BEGIN MATERIAL SUPPLIED

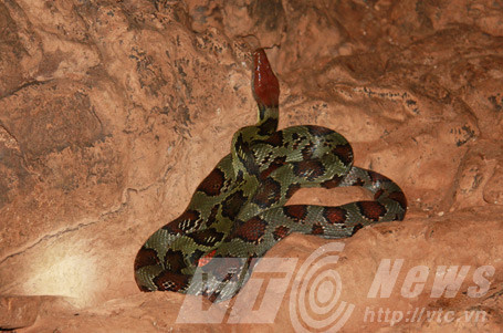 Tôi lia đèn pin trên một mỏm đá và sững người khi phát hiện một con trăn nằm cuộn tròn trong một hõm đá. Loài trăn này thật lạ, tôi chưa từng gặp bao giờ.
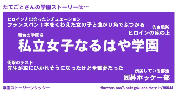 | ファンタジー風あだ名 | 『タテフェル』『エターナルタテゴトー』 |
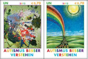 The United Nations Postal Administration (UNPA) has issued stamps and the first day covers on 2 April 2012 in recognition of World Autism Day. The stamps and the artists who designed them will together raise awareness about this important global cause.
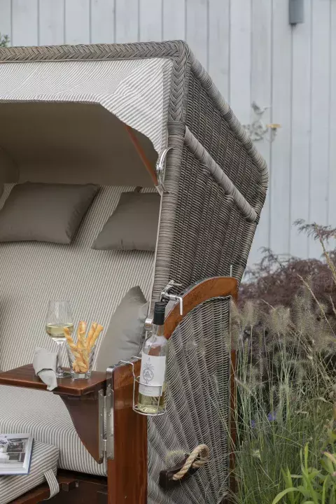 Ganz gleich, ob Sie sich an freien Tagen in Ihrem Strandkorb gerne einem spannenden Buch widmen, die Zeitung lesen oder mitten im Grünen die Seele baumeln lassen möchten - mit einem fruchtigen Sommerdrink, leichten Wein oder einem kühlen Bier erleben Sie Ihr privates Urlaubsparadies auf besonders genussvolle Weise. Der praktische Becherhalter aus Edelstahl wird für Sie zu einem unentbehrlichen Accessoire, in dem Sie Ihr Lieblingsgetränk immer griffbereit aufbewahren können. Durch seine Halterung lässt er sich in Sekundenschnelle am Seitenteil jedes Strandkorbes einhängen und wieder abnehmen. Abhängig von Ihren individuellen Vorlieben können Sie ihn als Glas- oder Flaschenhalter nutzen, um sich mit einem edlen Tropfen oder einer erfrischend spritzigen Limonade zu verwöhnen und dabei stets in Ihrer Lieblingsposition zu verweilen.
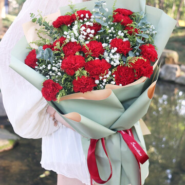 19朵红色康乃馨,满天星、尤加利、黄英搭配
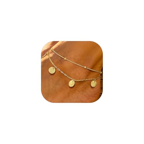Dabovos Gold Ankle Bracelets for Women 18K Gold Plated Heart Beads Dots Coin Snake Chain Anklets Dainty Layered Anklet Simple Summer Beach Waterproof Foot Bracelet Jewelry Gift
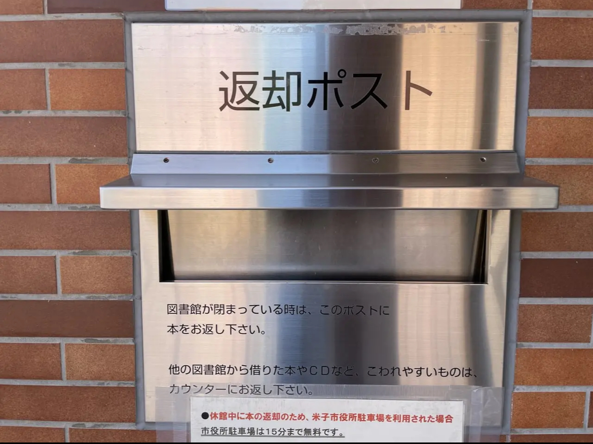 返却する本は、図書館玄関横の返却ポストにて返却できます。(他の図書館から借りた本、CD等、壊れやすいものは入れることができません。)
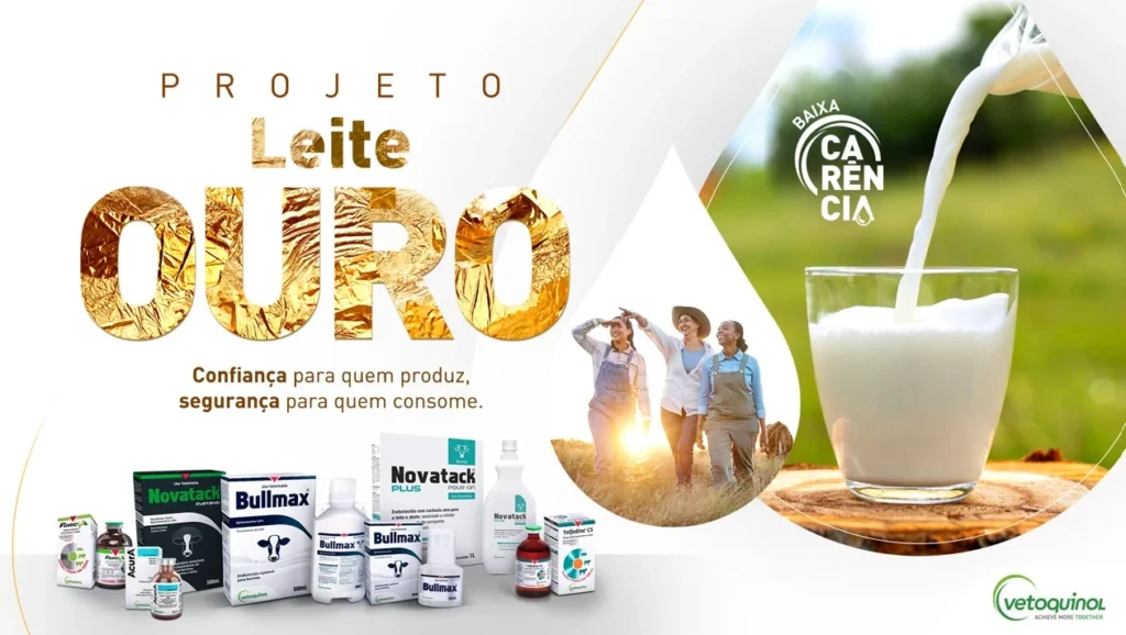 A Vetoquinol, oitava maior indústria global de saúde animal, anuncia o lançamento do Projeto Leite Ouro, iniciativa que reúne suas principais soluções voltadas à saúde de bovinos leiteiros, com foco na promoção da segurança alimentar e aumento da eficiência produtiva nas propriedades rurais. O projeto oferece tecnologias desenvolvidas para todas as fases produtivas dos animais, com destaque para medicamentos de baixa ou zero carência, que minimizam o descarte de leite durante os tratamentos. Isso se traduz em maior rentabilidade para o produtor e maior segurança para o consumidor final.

END MATERIAL SUPPLIED

### THE TASK
Please set down the lines above word for word and leave out the pictures.

### RESULT FOR THIS EXERCISE
 Tôi lia đèn pin trên một mỏm đá và sững người khi phát hiện một con trăn nằm cuộn tròn trong một hõm đá. Loài trăn này thật lạ, tôi chưa từng gặp bao giờ.
 | ファンタジー風あだ名 | 『タテフェル』『エターナルタテゴトー』 |
 The United Nations Postal Administration (UNPA) has issued stamps and the first day covers on 2 April 2012 in recognition of World Autism Day. The stamps and the artists who designed them will together raise awareness about this important global cause.
 Ganz gleich, ob Sie sich an freien Tagen in Ihrem Strandkorb gerne einem spannenden Buch widmen, die Zeitung lesen oder mitten im Grünen die Seele baumeln lassen möchten - mit einem fruchtigen Sommerdrink, leichten Wein oder einem kühlen Bier erleben Sie Ihr privates Urlaubsparadies auf besonders genussvolle Weise. Der praktische Becherhalter aus Edelstahl wird für Sie zu einem unentbehrlichen Accessoire, in dem Sie Ihr Lieblingsgetränk immer griffbereit aufbewahren können. Durch seine Halterung lässt er sich in Sekundenschnelle am Seitenteil jedes Strandkorbes einhängen und wieder abnehmen. Abhängig von Ihren individuellen Vorlieben können Sie ihn als Glas- oder Flaschenhalter nutzen, um sich mit einem edlen Tropfen oder einer erfrischend spritzigen Limonade zu verwöhnen und dabei stets in Ihrer Lieblingsposition zu verweilen.
 19朵红色康乃馨,满天星、尤加利、黄英搭配
Dabovos Gold Ankle Bracelets for Women 18K Gold Plated Heart Beads Dots Coin Snake Chain Anklets Dainty Layered Anklet Simple Summer Beach Waterproof Foot Bracelet Jewelry Gift
 返却する本は、図書館玄関横の返却ポストにて返却できます。(他の図書館から借りた本、CD等、壊れやすいものは入れることができません。)
 A Vetoquinol, oitava maior indústria global de saúde animal, anuncia o lançamento do Projeto Leite Ouro, iniciativa que reúne suas principais soluções voltadas à saúde de bovinos leiteiros, com foco na promoção da segurança alimentar e aumento da eficiência produtiva nas propriedades rurais. O projeto oferece tecnologias desenvolvidas para todas as fases produtivas dos animais, com destaque para medicamentos de baixa ou zero carência, que minimizam o descarte de leite durante os tratamentos. Isso se traduz em maior rentabilidade para o produtor e maior segurança para o consumidor final.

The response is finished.